[[ Data for processing, beginning ]]

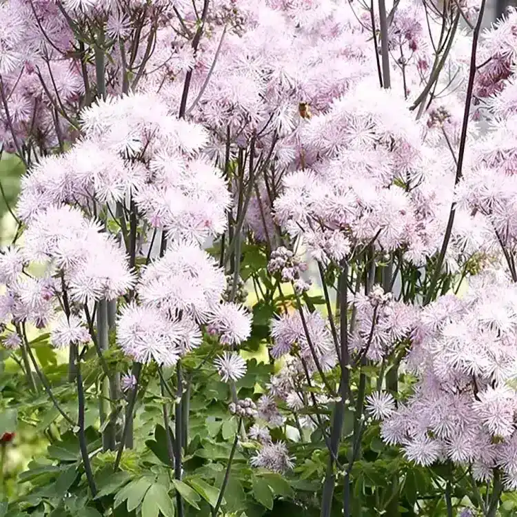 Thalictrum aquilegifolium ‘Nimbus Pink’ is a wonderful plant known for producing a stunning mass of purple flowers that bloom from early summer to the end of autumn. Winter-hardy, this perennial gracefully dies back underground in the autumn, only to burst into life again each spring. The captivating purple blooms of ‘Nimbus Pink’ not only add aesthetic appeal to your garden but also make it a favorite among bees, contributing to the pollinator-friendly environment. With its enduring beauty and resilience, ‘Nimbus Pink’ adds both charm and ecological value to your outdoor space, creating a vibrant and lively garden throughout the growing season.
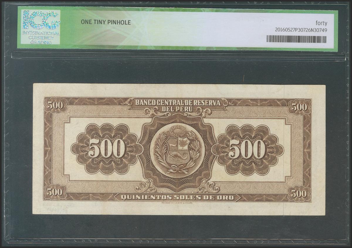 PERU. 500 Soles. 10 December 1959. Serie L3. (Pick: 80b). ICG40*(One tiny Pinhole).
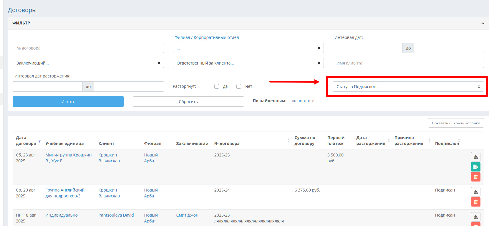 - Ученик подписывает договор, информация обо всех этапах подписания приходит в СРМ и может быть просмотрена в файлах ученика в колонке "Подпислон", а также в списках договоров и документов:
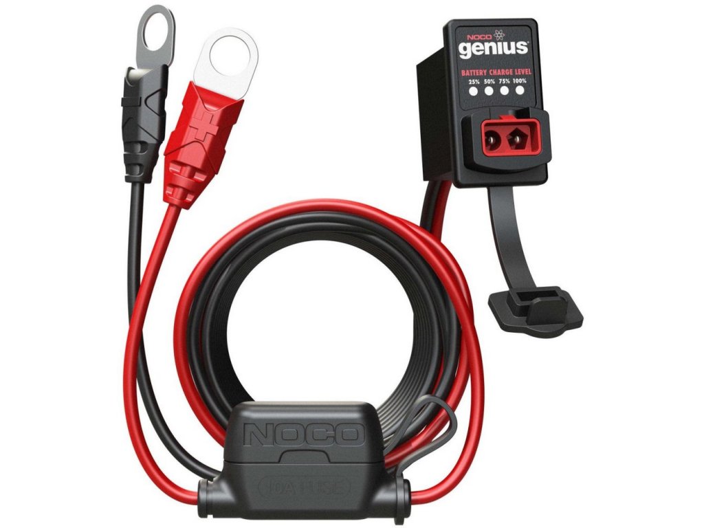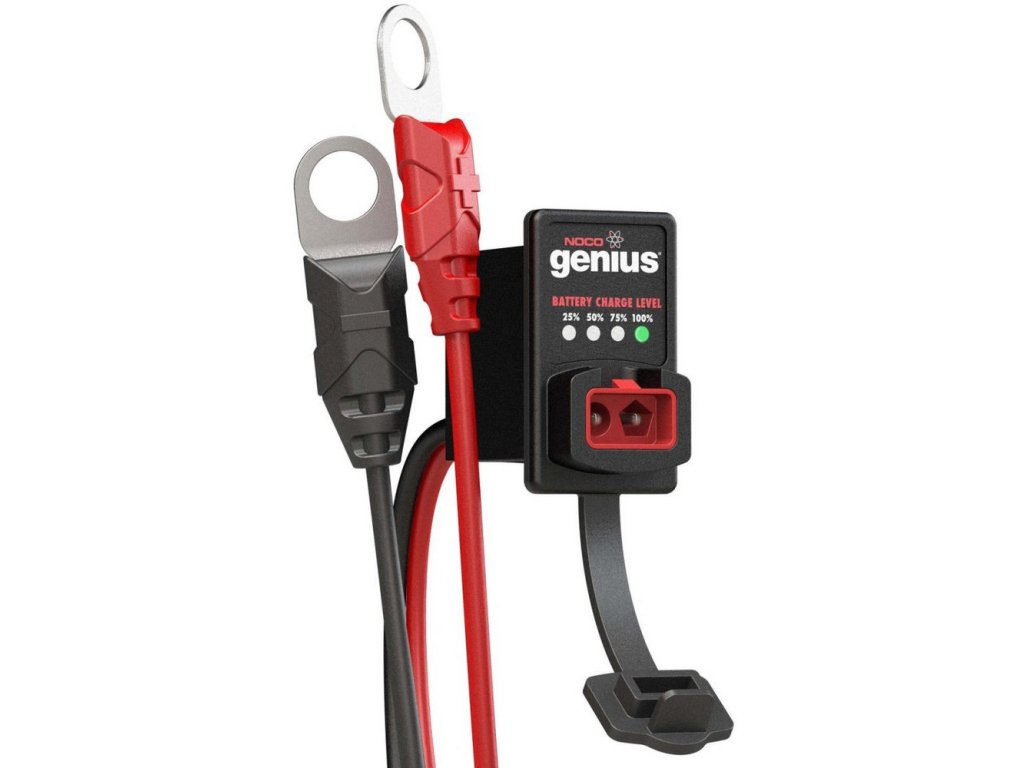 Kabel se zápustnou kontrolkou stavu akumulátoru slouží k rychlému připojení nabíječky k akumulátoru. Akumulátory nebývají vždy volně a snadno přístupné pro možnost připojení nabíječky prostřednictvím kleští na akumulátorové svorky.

[[ Data for processing, end ]]
[[ Data for processing, beginning ]]

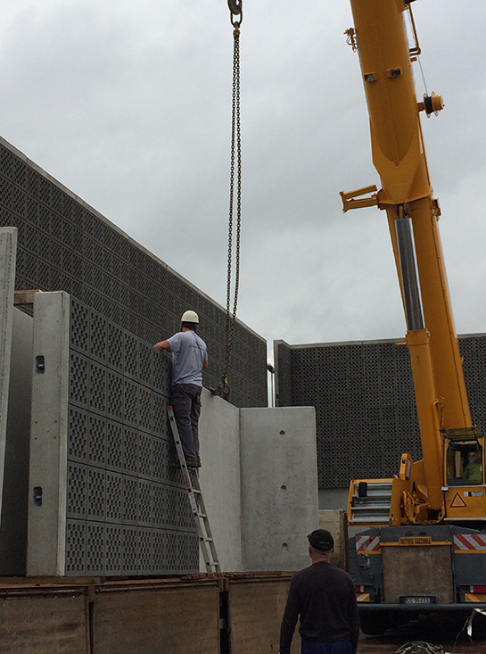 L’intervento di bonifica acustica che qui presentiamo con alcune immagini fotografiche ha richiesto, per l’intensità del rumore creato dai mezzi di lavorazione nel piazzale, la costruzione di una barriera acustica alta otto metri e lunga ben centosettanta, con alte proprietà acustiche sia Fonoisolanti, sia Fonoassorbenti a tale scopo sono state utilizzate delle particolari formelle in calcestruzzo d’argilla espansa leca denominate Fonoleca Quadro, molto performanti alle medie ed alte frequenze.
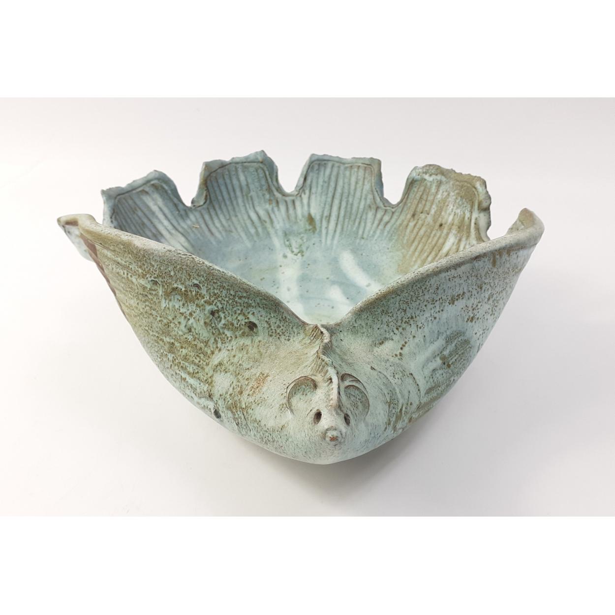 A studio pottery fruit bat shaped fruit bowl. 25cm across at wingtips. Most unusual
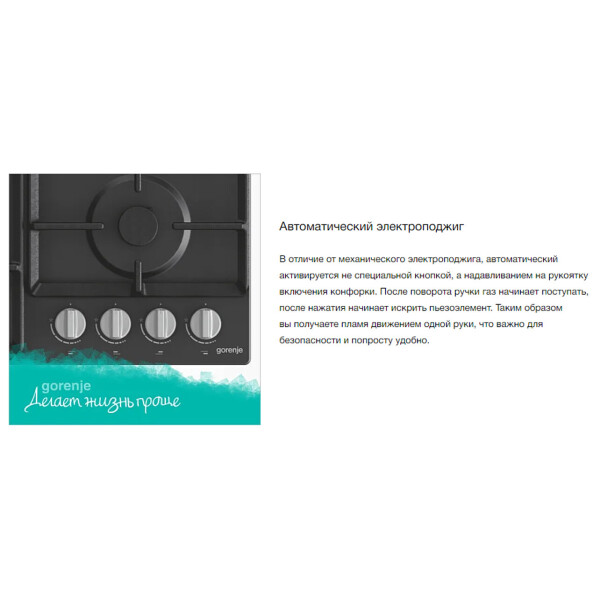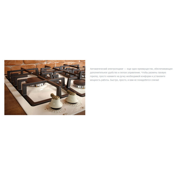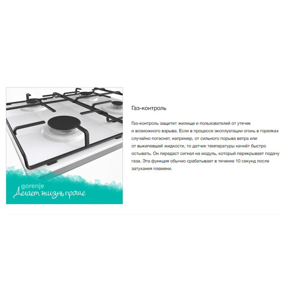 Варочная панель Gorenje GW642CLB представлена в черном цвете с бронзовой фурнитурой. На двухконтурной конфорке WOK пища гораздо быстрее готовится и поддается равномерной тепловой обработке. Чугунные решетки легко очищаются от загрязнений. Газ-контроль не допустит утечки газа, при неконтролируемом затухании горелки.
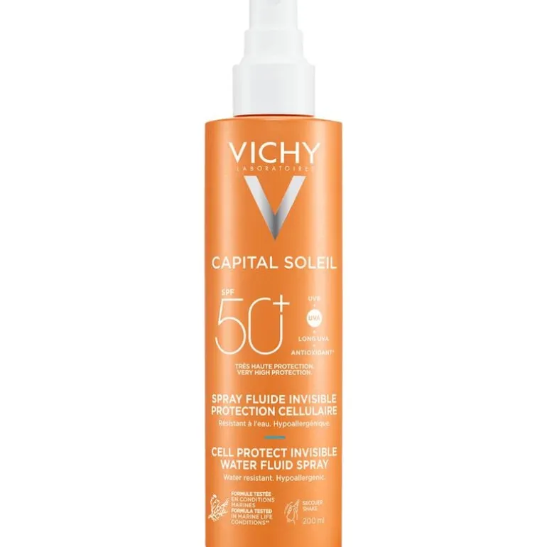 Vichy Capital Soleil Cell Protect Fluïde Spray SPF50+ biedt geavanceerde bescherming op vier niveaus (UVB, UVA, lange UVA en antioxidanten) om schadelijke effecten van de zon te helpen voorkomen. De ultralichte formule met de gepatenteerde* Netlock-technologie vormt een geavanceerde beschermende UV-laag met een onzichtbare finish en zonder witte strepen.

[[ Data for processing, end ]]

> [Task to complete]: Print, exactly and with no pictures, the lines of the listing above starting at the one that has "Варочная панель Gorenje" and ending at the one that has "Vichy Capital Soleil", both included.

> [Answer to this task]:
 Варочная панель Gorenje GW642CLB представлена в черном цвете с бронзовой фурнитурой. На двухконтурной конфорке WOK пища гораздо быстрее готовится и поддается равномерной тепловой обработке. Чугунные решетки легко очищаются от загрязнений. Газ-контроль не допустит утечки газа, при неконтролируемом затухании горелки.
 Vichy Capital Soleil Cell Protect Fluïde Spray SPF50+ biedt geavanceerde bescherming op vier niveaus (UVB, UVA, lange UVA en antioxidanten) om schadelijke effecten van de zon te helpen voorkomen. De ultralichte formule met de gepatenteerde* Netlock-technologie vormt een geavanceerde beschermende UV-laag met een onzichtbare finish en zonder witte strepen.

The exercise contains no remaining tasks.